A lingerie line, composed of lingerie's of all sizes, has just been launched by Rihanna to allow the body to become optimistic. Actresses like Vidya Balan and Sonakshi Sinha are stunning examples of women who didn't let their careers be governed by the size-zero stereotype. Although important changes are taking place, there is still a long way to go. Let us be relaxed in our skin, take a little while, and let us encourage others to do the same thing. It is your own body, and no one, other than you, can judge or understand. Let's be trusting, caring and tolerant. Let us live, let others live, let others live.

Rab Rakha!!!!!


Two faced people are more dangerous than fiction.

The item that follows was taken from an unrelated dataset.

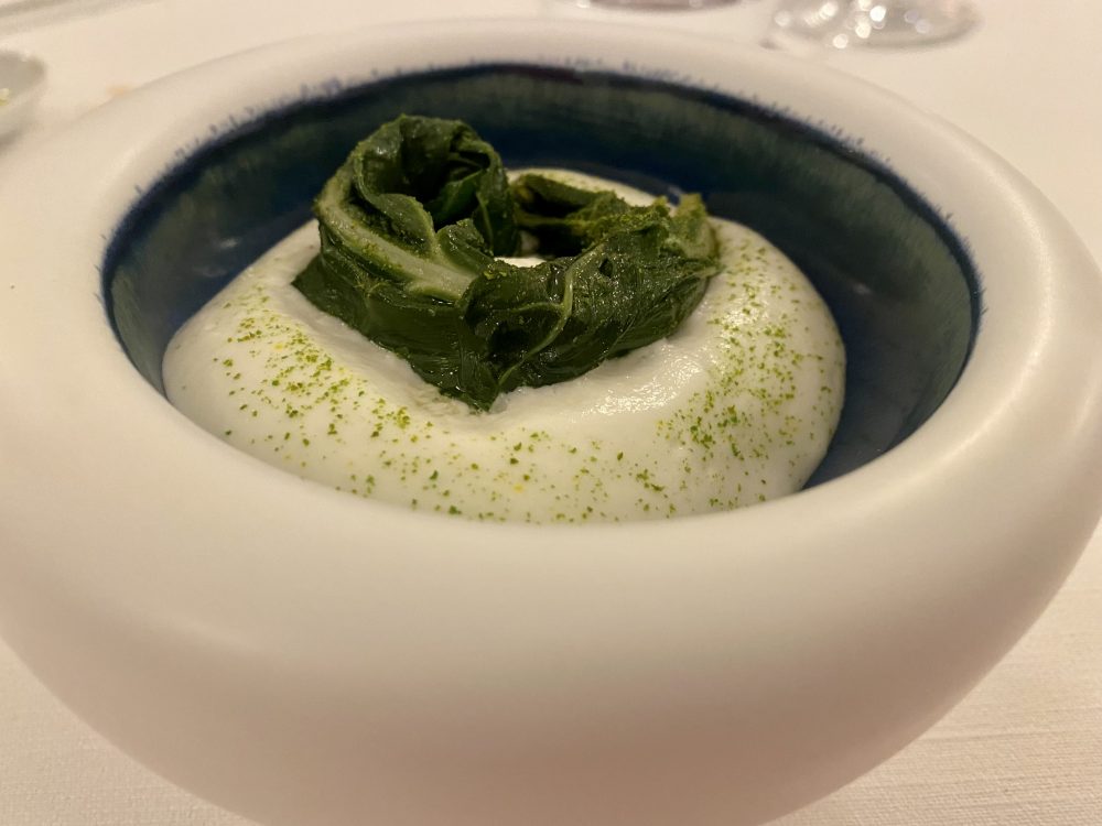 Tra i miei piatti preferiti della serata l’antipasto fatto con salsa di cavolfiore cilentano IGP con salsa di pane, crumble di pane, salsa alle sette erbe e alici maturate. Benché si tratti di fine dining dove l’eleganza e il bon ton la fanno da padrone, vi confesso di aver fatto la scarpetta, mi perdonerete. A proposito di pane, la selezione proposta è da manuale.
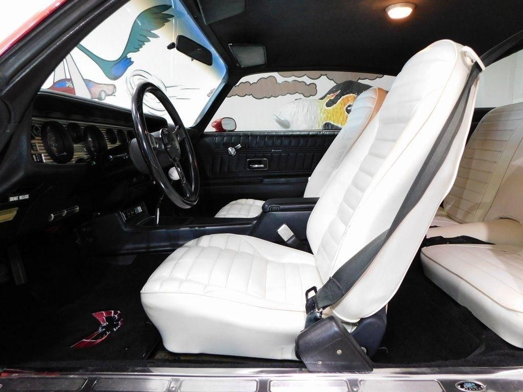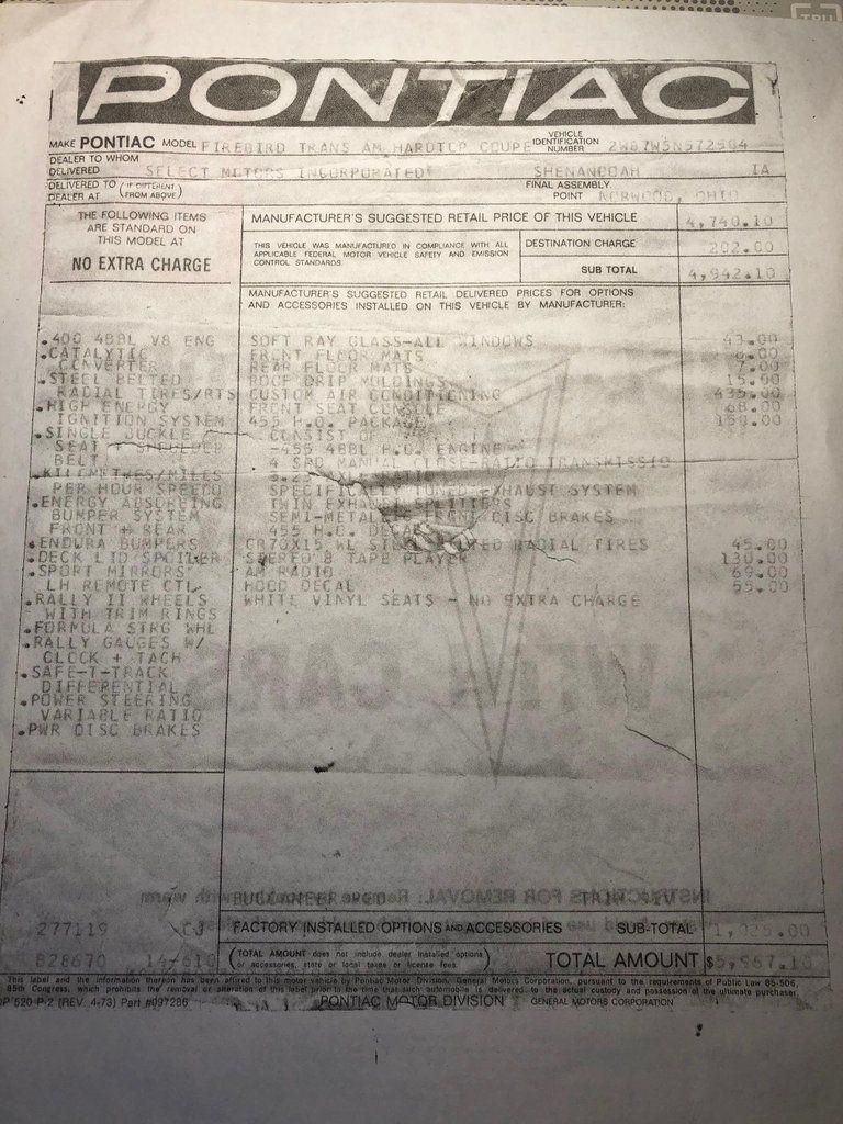Rare 1975 Pontiac Firebird Trans Am 455 coupe in Buccaneer Red over White/Black interior! 4-speed manual transmission, 15" steel wheels, recently replaced tires, Shaker hood, air conditioning, Hurst shifter, Kenwood stereo, manufacturer's literature, copy of window sticker, original sale documentation, recent service records and more! VIN: 2W87W5N572584. This 1975 Pontiac Firebird Trans Am is claimed to be one of 857 produced for the model year that were equipped with a 455ci V8. This example is finished in Red over White upholstery, and equipment includes a four-speed manual transmission, a Shaker hood, front disc brakes, front and rear spoilers, Trans Am decals, front bucket seats, air conditioning, a Hurst shifter, and a Kenwood cassette stereo. The car was acquired by the previous owner in April 2021, and subsequent work reportedly included rebuilding the front calipers and replacing the air-conditioning compressor, master cylinder, brake booster, shock absorbers, and tires. This Trans Am is now offered by the seller on behalf of his son with a copy of a window sticker, an original purchase contract, manufacturer's literature, and a clean title. The body was refinished in Red during prior ownership and features a "Screaming Chicken" hood decal, a Shaker hood, chrome window trim, front and rear spoilers, and quad exhaust tips. Factory 15" steel wheels are accented by chrome trim rings and are mounted with 225/60 BFGoodrich Radial T/A tires, which are said to have been recently installed. The seller reports that additional recent service included rebuilding the front brake calipers and replacing the master cylinder, brake booster, and shock absorbers. The cabin features high-back front bucket seats with White upholstery, along with contrasting Black door panels and carpets. Equipment includes air conditioning, a hurst shifter, and a kenwood cassette stereo. The seller states that the air-conditioning compressor was replaced during current ownership. The three-spoke steering wheel sits ahead of a 100-mph speedometer, a tachometer, and gauges for oil pressure, coolant temperature, fuel level, and voltage. The five-digit odometer shows 37k miles, approximately 900 of which were added during current ownership. The 455ci V8 was made available partway through the 1975 model year. Recent service reportedly included a coolant flush and replacement of the thermostat. Power is sent to the rear wheels through a four-speed manual transmission, which the seller notes weeps fluid. The transmission and differential were reportedly serviced during current ownership. The engine is stamped WX, which aligns with a 1975-production 455 V8. The engine serial number is shown in the gallery below. ST75 – 1975 model year FS87 – firebird coupe N – Norwood, Ohio assembly plant pnt 75l 75U – Buccaneer Red upper and lower paint TR91V – White upholstery A51 – bucket seats 07A – first week of July assembly blk – Black secondary interior color. Shipping available! We ship to you!

We must once have met a two-sided, clever person, not a false acquaintance of ours, or relatives. You claim to be near and concerned about you, but in all cases secretly. Often you mistakenly believe them, and you're sorry. It will be more difficult for us to assess face to face.

These two-faced people have a common attribute of being too courteous, above what you expect. If you talk to them first, you will feel fine. You're going to feel like a normal human. In a single moment, you will note them, but you may not know when you are slipping downwards. Don't get me wrong, those people noticed more and even businesses, families or in your neighborhood.

A good friend or relative knocked on your door two faces if you notice someone of sudden politeness at any moment. You'll know if you recall the last time you felt this. You would have recognized the case because they are two-eyed people who have been well-attached. "They say good stuff to your name, and then inform some negative things to you, because you aren't there." We want an enemy who admits who hates me rather than a friend or relative who secretly puts us down.

“Being nice to people is not called two-faced, it’s called growing up… but being nice to people in front of their faces and spreading nasty talks behind them is called two-faced”. How can people have two identities in our society? We may need special glasses to identify these people as everywhere we look people are two-faced.

Most of us may be scared to think about a ghost when we were a child, but as we grew up; we found that two-faced people are more frightening than a ghost. We may be used to thinking that enemies are the worst people in the world, but that was until we met two-faced people and realized that they were a lot worse. It's always a good thing to have fake people in this world; it helps you find out who your real friends are.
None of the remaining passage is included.